■ Data:
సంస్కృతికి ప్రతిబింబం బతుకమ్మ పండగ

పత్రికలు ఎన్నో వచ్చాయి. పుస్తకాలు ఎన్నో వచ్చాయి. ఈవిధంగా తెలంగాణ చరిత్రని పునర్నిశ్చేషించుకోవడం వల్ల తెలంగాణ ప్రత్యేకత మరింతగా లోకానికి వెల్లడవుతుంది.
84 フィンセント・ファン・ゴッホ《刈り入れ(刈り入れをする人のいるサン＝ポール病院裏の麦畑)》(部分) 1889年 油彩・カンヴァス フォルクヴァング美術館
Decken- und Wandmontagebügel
==
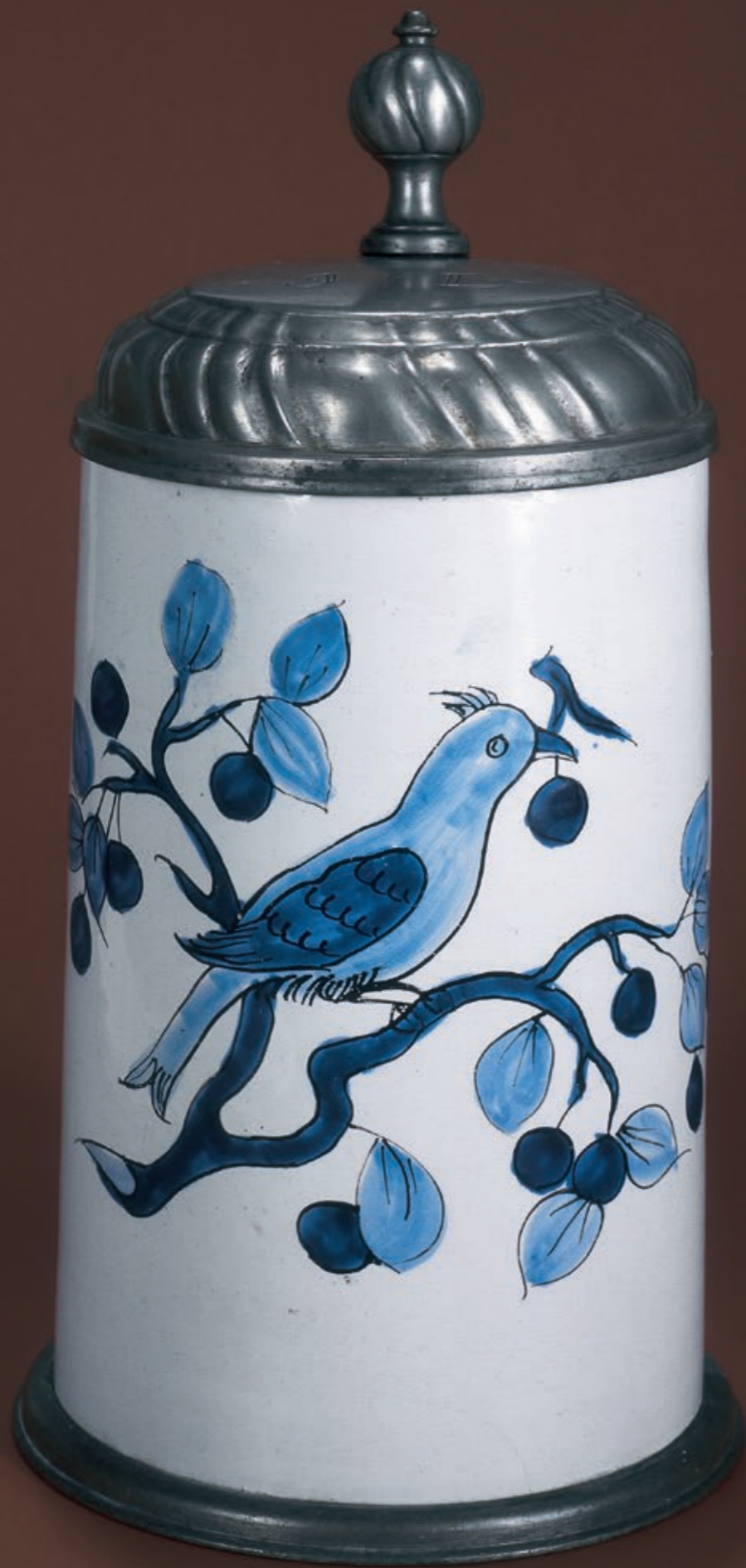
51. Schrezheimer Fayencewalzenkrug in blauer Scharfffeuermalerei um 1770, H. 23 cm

■ Exercise instructions: Please output the lines of the listing above that fall in the stretch from the one with "సంస్కృతికి ప్రతిబింబం బతుకమ్మ పండగ" through the one with "Decken- und Wandmontagebügel", exactly and only those.

■ Written answer:
సంస్కృతికి ప్రతిబింబం బతుకమ్మ పండగ

పత్రికలు ఎన్నో వచ్చాయి. పుస్తకాలు ఎన్నో వచ్చాయి. ఈవిధంగా తెలంగాణ చరిత్రని పునర్నిశ్చేషించుకోవడం వల్ల తెలంగాణ ప్రత్యేకత మరింతగా లోకానికి వెల్లడవుతుంది.
84 フィンセント・ファン・ゴッホ《刈り入れ(刈り入れをする人のいるサン＝ポール病院裏の麦畑)》(部分) 1889年 油彩・カンヴァス フォルクヴァング美術館
Decken- und Wandmontagebügel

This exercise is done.